LE PREMIER EMPEREUR DE CHINE
***
Michel Fustier
(toutes les pièces de M.F. sur : http://theatre.enfant.free.fr )


PERSONNAGES
L’historien de service, le roi puis l'empereur de Tsin, le général Liu,
le premier espion, le second espion,
le ministre Liang, maître Song, maître Li Si, le commandant.


1 - Stratégie
L’HISTORIEN DE SERVICE - La Chine était autrefois divisée en sept royaumes indépendants qui passaient une partie de leur temps à se faire la guerre les uns aux autres. Dans les années 230-210 avant J.C. (pardon pour cette chronologie européenne, qui n'a rien à voir avec la Chine!) un de ces royaumes, le Tsin, réussit à dominer les autres. Il démontra ainsi le succès d'une politique et d'une morale qui sont toujours à l'œuvre dans la Chine moderne... Et voici qu'au commencement arrive le jeune roi du Tsin. Son armée est en difficulté, mais il sait très bien ce qu'il veut et il va redresser la situation.
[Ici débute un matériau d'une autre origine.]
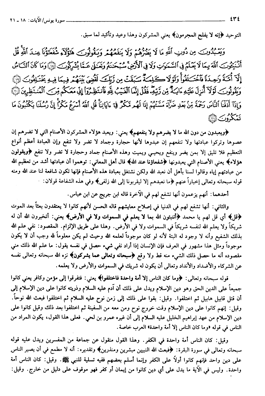 وَيَعْبُدُونَ مِنْ دُونِ اللَّهِ ما لا يَضُرُّهُمْ وَلا يَنْفَعُهُمْ وَيَقُولُونَ هؤُلاءِ شُفَعاؤُنا عِنْدَ اللَّهِ قُلْ أَتُنَبِّئُونَ اللَّهَ بِما لا يَعْلَمُ فِي السَّماواتِ وَلا فِي الْأَرْضِ سُبْحانَهُ وَتَعالى عَمَّا يُشْرِكُونَ (18) وَما كانَ النَّاسُ إِلاَّ أُمَّةً واحِدَةً فَاخْتَلَفُوا وَلَوْلا كَلِمَةٌ سَبَقَتْ مِنْ رَبِّكَ لَقُضِيَ بَيْنَهُمْ فِيما فِيهِ يَخْتَلِفُونَ (19) وَيَقُولُونَ لَوْلا أُنْزِلَ عَلَيْهِ آيَةٌ مِنْ رَبِّهِ فَقُلْ إِنَّمَا الْغَيْبُ لِلَّهِ فَانْتَظِرُوا إِنِّي مَعَكُمْ مِنَ الْمُنْتَظِرِينَ (20) وَإِذا أَذَقْنَا النَّاسَ رَحْمَةً مِنْ بَعْدِ ضَرَّاءَ مَسَّتْهُمْ إِذا لَهُمْ مَكْرٌ فِي آياتِنا قُلِ اللَّهُ أَسْرَعُ مَكْراً إِنَّ رُسُلَنا يَكْتُبُونَ ما تَمْكُرُونَ (21)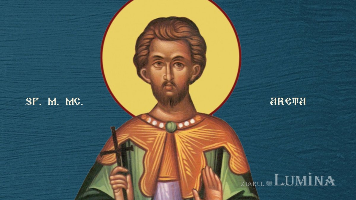 Sfântul Areta (†523) a fost un mare dregător creştin al cetăţii Negran din Etiopia, pe vremea când la Constantinopol domnea împăratul Iustin cel Bătrân (518-527), iar peste ţara Etiopiei era rege Elezbaan. Poporul etiopian înflorea sub stăpânirea lui. În acea vreme, în Arabia, pe care Sfânta Scriptură o numeşte Saba (3 Regi 10, 1), adică în Yemenul de astăzi, s-a ridicat un împărat pe nume Dunaan, care ţinea legea iudeilor şi era prigonitor al creştinilor. Deci, auzind regele Elezbaan că Dunaan a pornit prigoană asupra creştinilor din ţara sa, mâhnindu-se foarte tare, a mers asupra lui cu război şi luptându-se l-a biruit pe acela, punându-l să plătească bir. Dar, după o vreme, Dunaan a nesocotit înţelegerea făcută şi adunând mare oaste a ucis pe toţi ostaşii lăsaţi de Elezbaan pentru paza cetăţilor. Astfel, Dunaan s-a răzvrătit şi a asediat cetatea Negran, dar neputând s-o cucerească, le-a jurat creştinilor din ea că nu le va face nici un rău dacă îi vor deschide porţile de bunăvoie. „Mă jur pe Dumnezeu că nu vă voi face nici un rău, ci vă voi lăsa pe voi în pace, să vieţuiţi după credinţa voastră. Cer de la voi numai obişnuita dajdie către împărat. Deschideţi-mi, dar, cetatea, ca să o văd şi să îmi iau dajdia cuvenită de la voi”, le-a spus Dunaan. Mai-marii cetăţii l-au crezut pe Dunaan şi au deschis porţile cetăţii, chiar dacă Areta, care era bătrân acum, se împotrivea. Areta permanent le spunea locuitorilor cetăţii cuvintele Sfântului Pavel: „Staţi deci tari în libertatea cu care Hristos ne-a făcut liberi şi nu vă prindeţi iarăşi în jugul robiei” (Galateni 5, 1). După ce a intrat în cetate, Dunaan şi-a călcat jurământul şi i-a omorât pe toţi creştinii pe care i-a aflat acolo. Printre ei a fost şi bătrânul Areta, care a luat moarte de mucenic prin sabie. Împreună cu el au fost omorâţi 340 de creştini.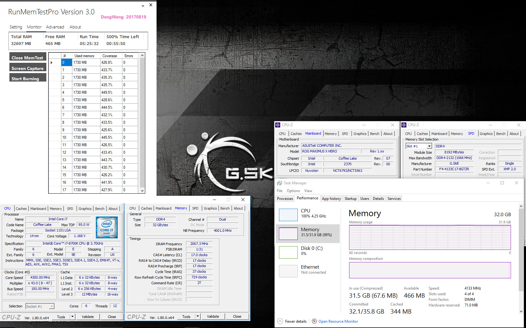 Each of these configurations has been tested with an ASUS ROG MAXIMUS X HERO motherboard and an Intel Core i7-8700K processor, as seen in the screenshots above.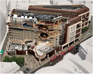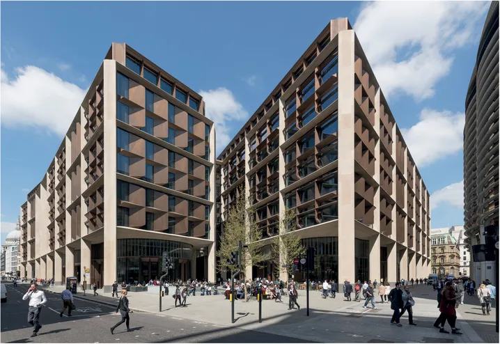The Bloomberg headquarters, which won the RIBA Stirling Prize in 2018 (making it officially the best building in the UK for that year), also works hard to be a good neighbour. The original planning permission was for a 21-storey tower that would have sat among open space. Bloomberg challenged this, instead creating a 10-storey building that occupies most of the site. But that ‘most of’ is important. It is split into two unequal parts, with between them a ‘new’ street, which is in fact the reinstatement of the old Watling Street, following a desire line between Cannon Street and Cheapside.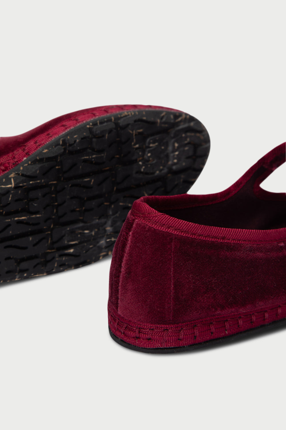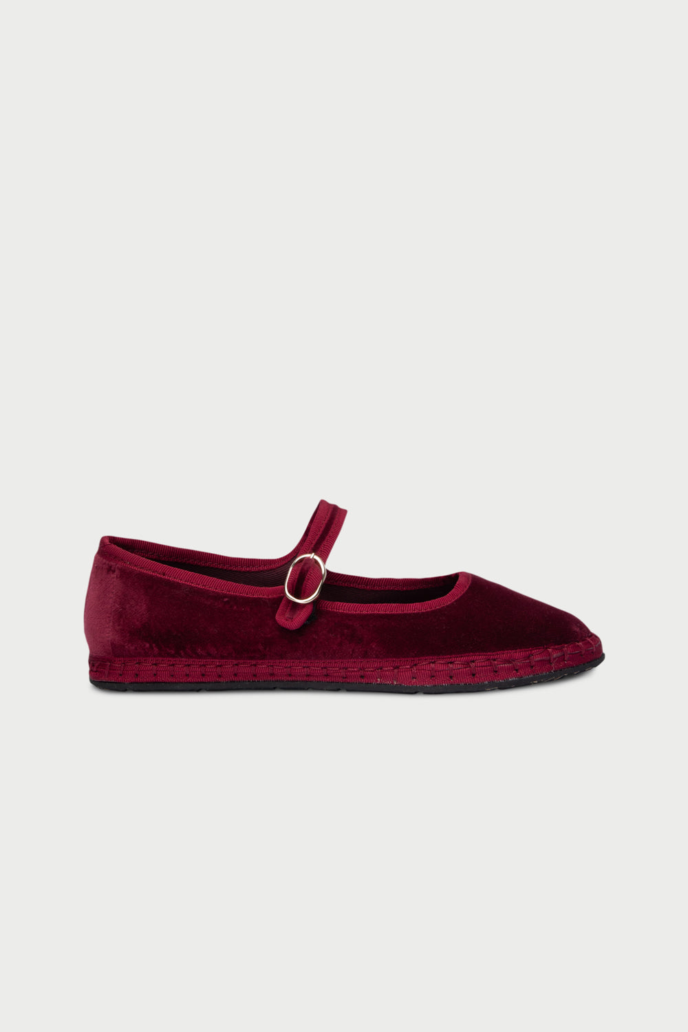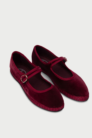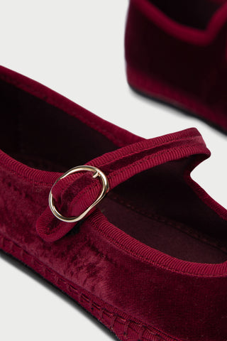 • Merceditas de terciopelo en color burdeos con ribetes en color burdeos y cierre de hebilla.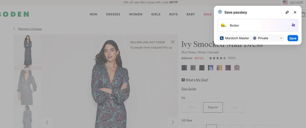 Thanks, 1P_Dave​! This is happening on other websites as well—when I'm just browsing and not trying to log in, I get the pass key prompt. On Boden, it happens on every page, starting at https://us.boden.com and any new subpage, or even if the URL refreshes on a product page by changing an item color, for instance.

LE ROI DE TSIN - (entrant) Cette campagne est compromise. General Liu, vous êtes révoqué!
LE GENERAL LIU - Bien, Seigneur!
LE ROI DE TSIN - Retirez-vous dans votre province. Je prendrai la direction des opérations.
LE GENERAL LIU - Ainsi, je n'offenserai plus vos yeux... (il se retire)
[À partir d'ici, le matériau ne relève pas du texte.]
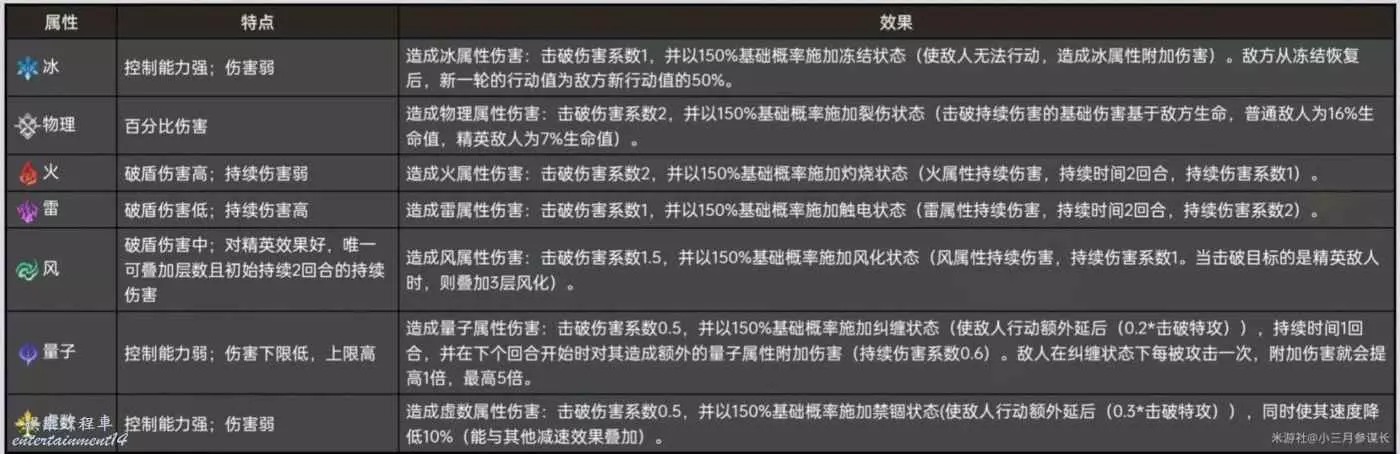 然後是不同之處:擊破觸發傷害和敵人的韌性上限有關,因此算是”傷害不詳,觸強則強”.超擊破傷害與本次攻擊造成的削韌傷害有關(即削韌值,比較看角色.而擊破持續傷害沒有和韌性相關的乘區。而且擊破觸發傷害與擊破持續傷害也和屬性有關,屬性傷害係數分為觸發係數(影響擊破觸發傷害)和dot係數(影響擊破持續傷害),而不同的屬性特點不同,詳細的資料可以參照下表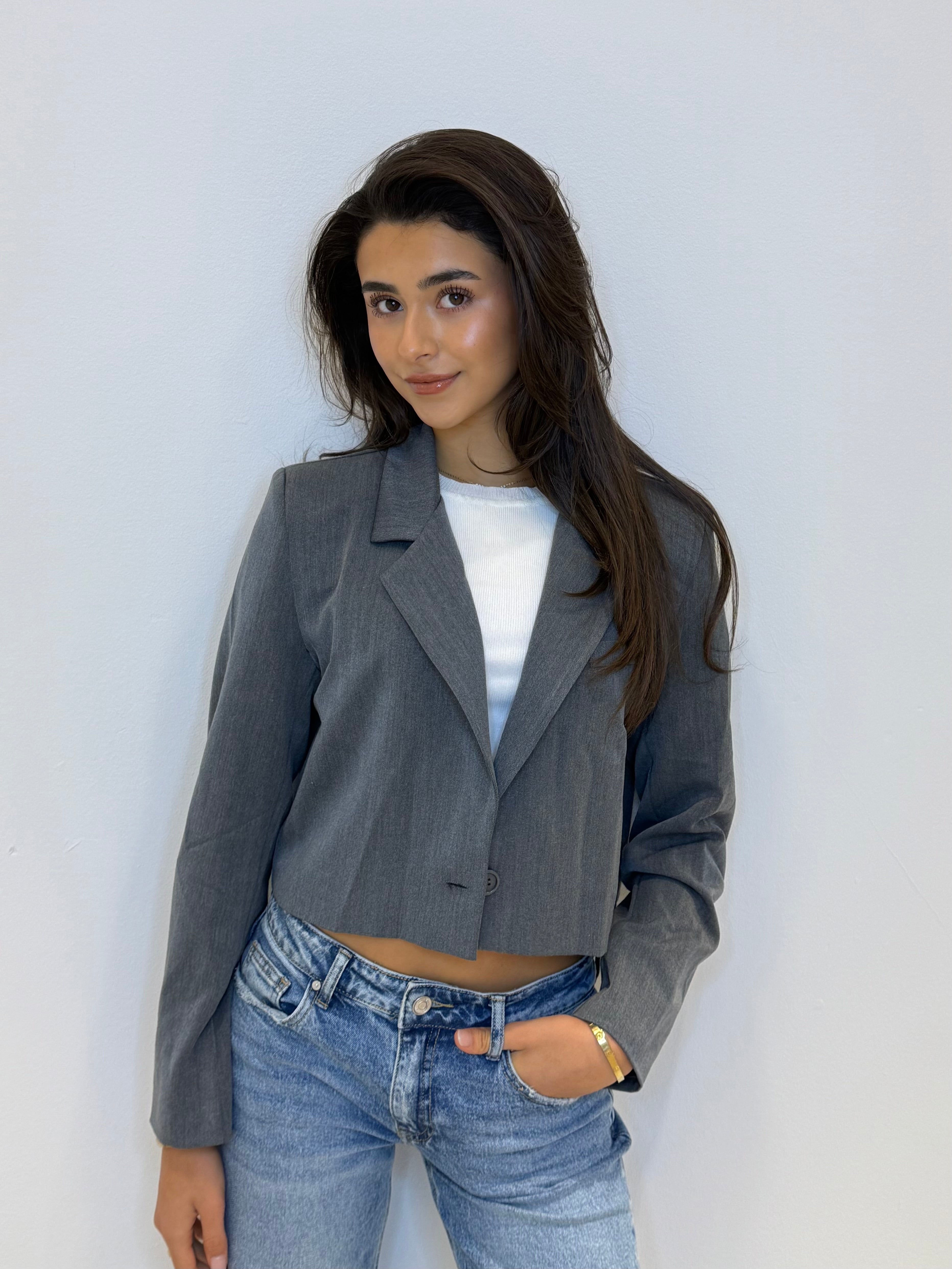 Een echte musthave blazer in grijs met een trendy cropped fit die elke outfit een effortless Parisian chic look geeft. Naast zwart en camel is grijs de ultieme kleur die niet mag ontbreken in jouw garderobe.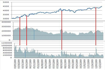 圖為上海燃料油期貨09年價格、成交量和持倉量變化圖。(圖片來源:格林期貨)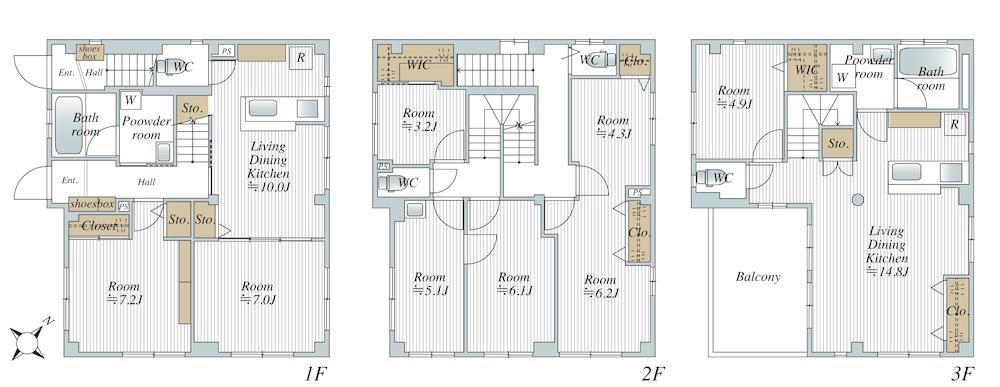 6億8800万円、8LLDDKK、土地面積108.61㎡、建物面積173.54㎡ 1階世帯と2・3階世帯を分離した8LLDDKKの間取り。2階の5部屋は、3部屋が1階、2部屋が3階LDKと接続し、共用部を介さず独立した生活が可能です。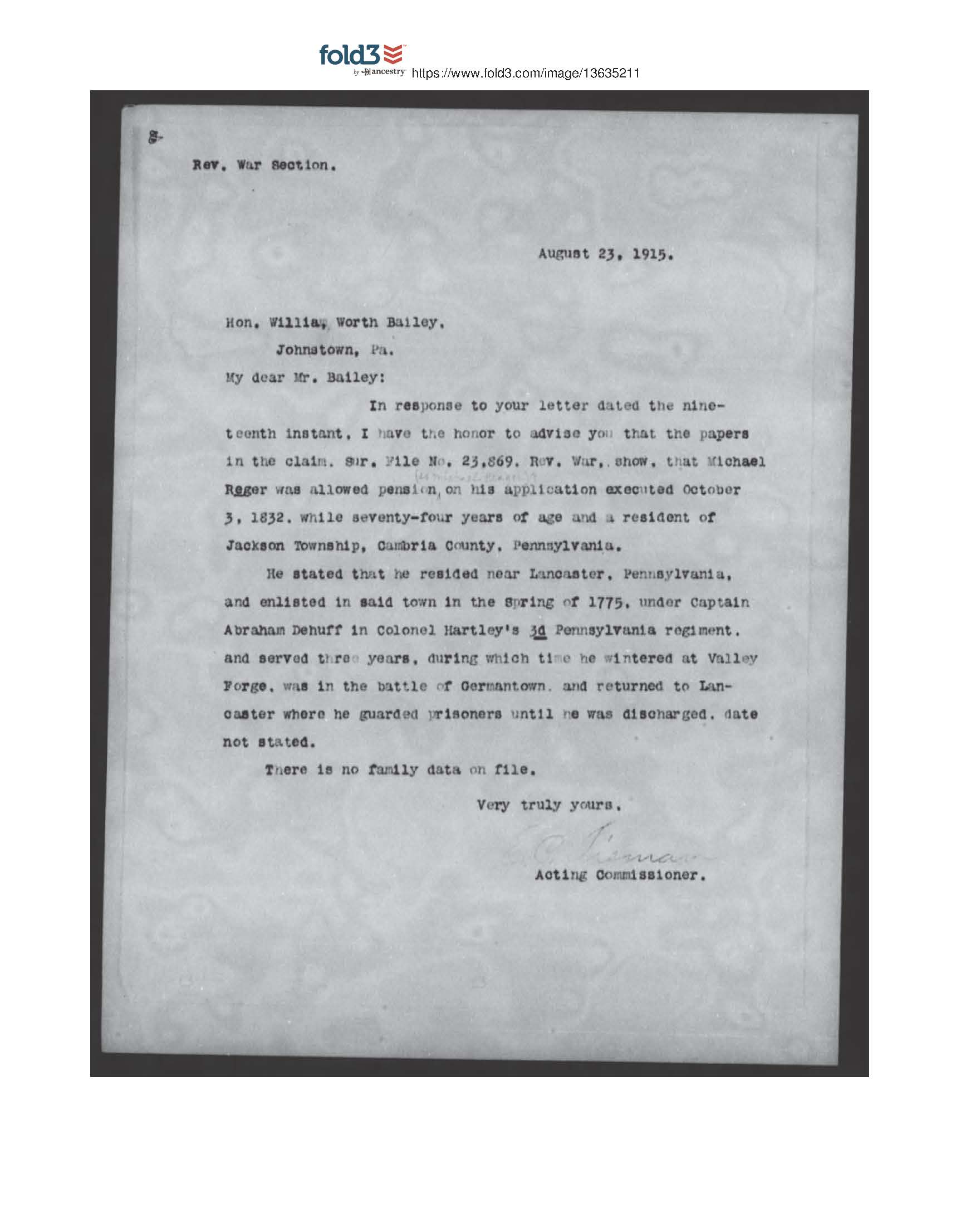 Michael Rager, Mom Saylor's g-g grandfather, enlisted during the spring of 1775 and served for three years, including a winter at Valley Forge. More work to do; but, my first find is interesting.

LE ROI DE TSIN - Commandant, où en sont les choses?
LE COMMANDANT - Elles sont avant tout immobiles et confuses.
LE ROI DE TSIN - Donc, rendons-les claires et actives... Comment se portent nos troupes?
LE COMMANDANT - Cela fait longtemps qu'elles ne savent plus où elles en sont. Elles murmurent. L'inaction leur pèse. Le général Liu n'osait pas...
LE ROI DE TSIN - Je sais. Faites leur savoir que maintenant, je suis là! Quant à nos adversaires... Que l'on fasse d'abord venir les espions. Rien dans l'armée n'est plus important que les espions. Les espions sont les yeux et les oreilles du prince, jamais il ne doit prendre de décision sans les avoir entendus.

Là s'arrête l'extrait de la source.